Reportedly spending more than $750,000 on the video, which he also uses to promote his new I Am King fragrance, P. Diddy says: ‘I would like to also announce that this is my audition tape for the next James Bond. I feel like I am best suited to be the next James Bond.’

‘I’ve been out there getting my hustle on in Hollywood—I just landed a role on CSI: Miami. We have a black president and it’s time for there to be a black Bond.’

Dedicating his new fragrance to Barack Obama, Muhammad Ali, Martin Luther King and ‘all you men out there who take care of [their] families’, P. Diddy adds ‘I’m a real fan of Obama because I like his political ideas. And I think it’s the right moment for a black James Bond. If we can have a black US President, I think we might have reached the moment for a new kind of 007.’

‘I think the role could easily be played by a black actor, because the character created by Ian Fleming in the 50s has undergone a great deal of evolution and continues to be updated.’

An unidentified source added: ‘He has already sent the audition tape to Bond executives.’


His audition tape:
[YOUTUBE]
Interview with Conan:
Conan: I read that you wanna be the first black James Bond in the movies. Is that true?

Diddy: Yes. Definitely.

Conan: Change the name?

Diddy: Yes. It's a new time. We're taking the Bond imprint of what he stood for, but we gon' remix it. My name's gonna be Robert Ground.

Conan: So instead if saying: "Bond, James Bond." You're gonna say: "Ground, Robert Ground."

Diddy: Robert Ground. It's serious.

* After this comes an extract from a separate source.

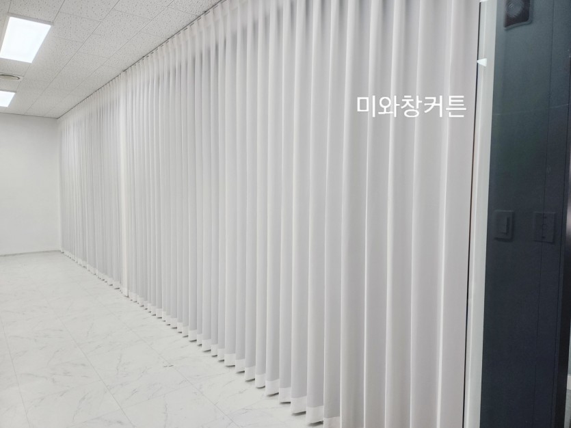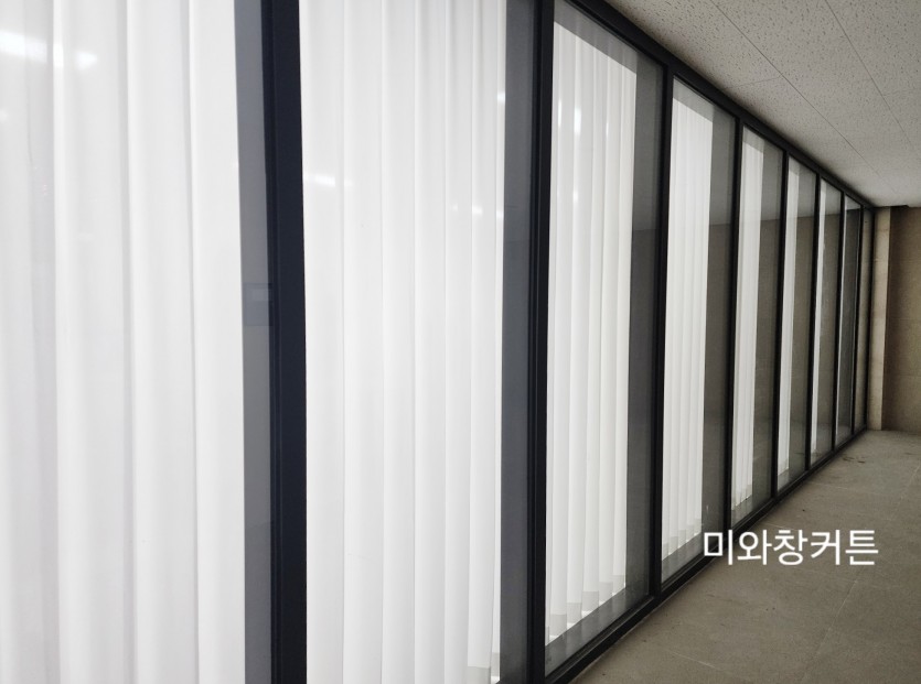 아파트 지하상가 통창 화이트 밀크쉬폰커튼 시공

I'm about to announce the deal next week.

Conan: Is Ground gonna be from England or is he gonna be from America?

Diddy: He gon' be from Harlem. It's America baby! This is our turn!

Conan: Is he gonna have Martinis?

Diddy: Everything. He's gonna be a younger version of Bond.

Conan: When are we gonna see this?

Diddy: It should be out in the next 20 months or so.

Conan: He's gonna be cool. Is he gonna need a side kick?

Diddy: He's gonna have a whole ensemble. It's gonna be a new way to tell it. It's gonna be edgier.


----------



## Kameil (Dec 14, 2008)

Oh lord here we go.


----------



## Purgatory (Dec 14, 2008)

It's bad enough that bastard ruined an amazing Zeppelin song, now this asswipe wants to tarnish James Bond?

Will Smith said he was going to be president back years ago, did that happen?


----------



## Shoddragon (Dec 14, 2008)

Could there be a black James Bond? Possibly, a Black Man in britain as a spy sounds really good.

Would it be good? Sure. Perhaps it could be an american black man as 007 as the plot as perhaps its some kind of investigation that occurs in New York or something ( maybe he is offered the job via that old lady for some reason).

Could it be played by P. Diddy? Absolutely not.

I like the idea of a black bond, but definitely not being played by P.Diddy, if anything, Will Smith would be better.


----------



## Koi (Dec 14, 2008)

> ‘I’ve been out there getting my hustle on in Hollywood—I just landed a role on CSI: Miami. We have a black president and it’s time for there to be a black Bond.’


He.. doesn't know that Bond is _English_ in origin, does he?


----------



## Grape (Dec 14, 2008)

Let's see....

Puff Daddy:
Finds a talented person
Makes use of talented persons art to become famous themselves
Talented person is killed
Puff Daddy blows up as his own artist, starting with a single meant to celebrate talented persons life.

Puff Daddy is trash


Sounds like some espionage type shit to me. Maybe he could be a total tool douchebag villain? Either way, Bond films blow now anyways.


----------



## Graham Aker (Dec 14, 2008)

If there's going to be a black James Bond, and there won't, he's going to be British.


----------



## Grape (Dec 14, 2008)

Graham Aker said:


> If there's going to be a black James Bond, and there won't, he's going to be British.



There's always... 



Heh heh, yeeeahhhh


----------



## HugeGuy (Dec 14, 2008)

Why do the blacks(well, some of them but they're really loud) always feel likes they need to stick a hand into whatever the whites are doing? Some deserves a praise(like Obama) while some is just . Black James Bond? That's like asking for a white Muhammad Ali. You never hear a chinese or indian demanding a James Bond of their ethnic, do you?


----------



## Mider T (Dec 14, 2008)

I'm not surprised, that guy has an ego bigger than Bond himself.


----------



## HumanWine (Dec 14, 2008)

stop diddy......


----------



## blackshikamaru (Dec 14, 2008)

HugeGuy said:


> Why do the blacks(well, some of them but they're really loud) always feel likes they need to stick a hand into whatever the whites are doing? Some deserves a praise(like Obama) while some is just . Black James Bond? That's like asking for a white Muhammad Ali. You never hear a chinese or indian demanding a James Bond of their ethnic, do you?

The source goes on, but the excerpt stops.